In a 2023 court filing, a developmental psychologist has said that research over the past decade shows that in circumstances of heightened emotion, such as anxiety or fear, the brain of an 18- to 21-year-old functions like that of a 16- or 17-year-old. A psychiatrist has assessed Michael Tisius over the past two decades for his lawyers. In 2003 he concluded that at the time of the crime, Michael Tisius had been “suffering from untreated mental disease, was experiencing diminished mental capacity, and was substantially under the manipulated influence of RV”. The defense did not present this to the 2010 resentencing jury.
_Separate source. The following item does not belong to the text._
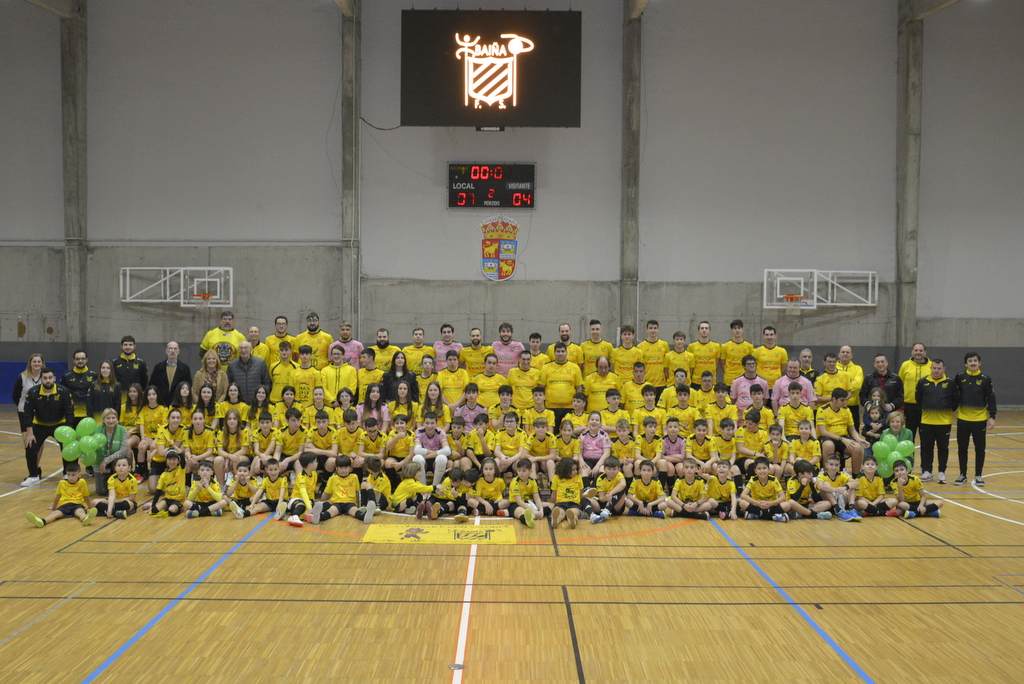El Alcalde de Baiona, Jesús Vázquez Almuiña, y la concejala de Deportes, Ana Iglesias Rodríguez, participaron ayer en la realización de la fotografía oficial de la temporada del Baíña Fútbol Sala. El Pabellón Municipal de Deportes de Baiona fue el lugar elegido en el que se hicieron las instantáneas por parte de V.S. Fotografía. Durante la jornada deportiva del domingo el Baíña F.S. lució un lazo verde sumándose a la campaña de la Asociación Española contra el Cáncer, que instaló una mesa informativa en la tarde del domingo en el Pabellón Municipal de Deportes.

In 2013, the psychiatrist found that Michael Tisius “still demonstrated immature thinking” and that his “maturity of reasoning plateaued in mid-adolescence”. In 2022, he reported that having experienced “delayed maturation of adolescent brain functioning as a consequence of untreated childhood physical abuse/neglect”, Michael Tisius had now made “a successful transition to nonviolent living” in prison. In 2018, a prison expert reviewed Michael Tisius’s prison record and found that he had “not demonstrated violence while in confinement”.

Imminent execution

At the 2010 resentencing, the prosecution had stressed his future dangerousness, relying on post-conviction evidence, namely his 2009 conviction for possession of a “boot shank” – a piece of metal from a boot found in his prison-issued radio in 2006 (it had not been sharpened as the 2009 prosecutor asserted). The 2010 prosecutor argued that this showed Tisius would kill again, describing him as “a wolf” and urging the jury to vote for death to protect “the entire law enforcement community”.

Despite knowing the state would present the shank evidence, and that their client had always denied putting the metal in the radio and had identified another prisoner as having been responsible, his lawyers neither investigated nor presented evidence to counter this aggravating factor. In 2018, a life prisoner signed a statement that he had put the shank in the radio at the request of the man whom Michael Tisius had identified as being responsible for the shank He recalled Michael Tisius as “a scared, intimidated little kid” who would have been too fearful to remove the shank, confront who put it there, or report it.

Amnesty International opposes the death penalty unconditionally. Missouri accounts for 95 of the 1,568 executions in the USA since 1976, including two of 10 executions this year.